Serving on one's condo or association board is sometimes a rough job; there are tough decisions to make that impact the lives of one's own friends and neighbors, priorities to set that cannot possibly please everyone, and financial challenges that can make running even a small community feel like a game of roulette.
Given all of those pressures, the last thing condo, co-op, and HOA administrators need to worry about is getting sued over the decisions they make in the course of doing their job. Fortunately, protection from such damages exists in the form of Directors and Officers (D&O) insurance which, in a nutshell, protects board members from legal damages resulting from their decisions, as long as those decisions are made in good faith.

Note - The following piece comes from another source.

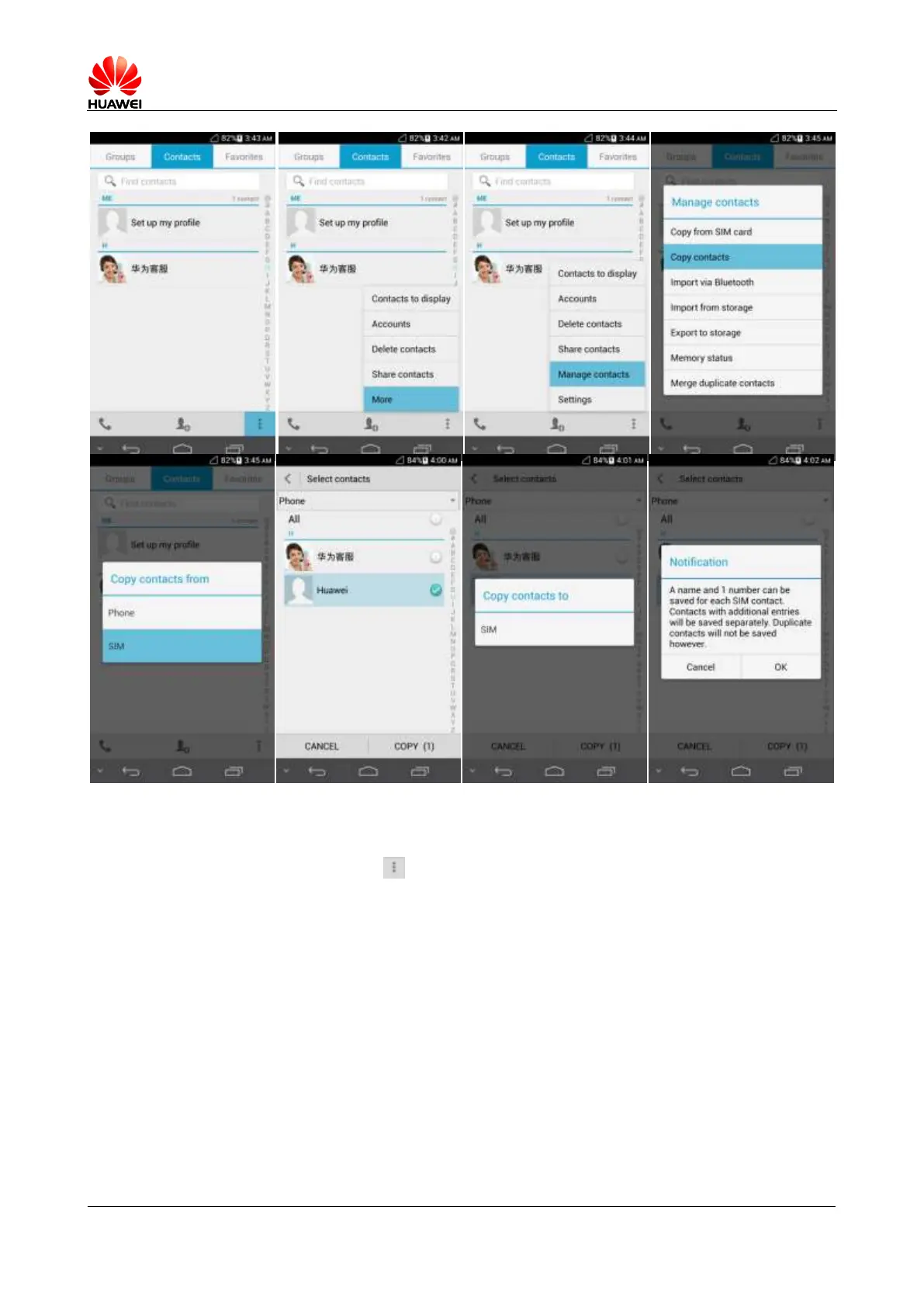 2. Select the desired contacts, and touch Copy > Phone > OK.

The D&O concept is fairly straightforward, but there are nuances to how the insurance product works which most condo owners, associations and management teams frequently don’t completely understand. Educating yourself and your fellow board members about D&O is vital however, and can save hundreds of thousands of dollars in damages.
Not a Simple Issue
According to Attorney Mark Pearlstein, a partner with the law firm of Levenfeld Pearlstein, LLC, with offices in Chicago and Northbrook, D&O insurance protects directors and officers who might be subject to claims and liability for decisions they make when managing a company or organization. The protection offered is insurance to cover the cost of defending a lawsuit against directors and officers, and in most cases, any damages awarded against these parties or the amount of any settlements of the claims.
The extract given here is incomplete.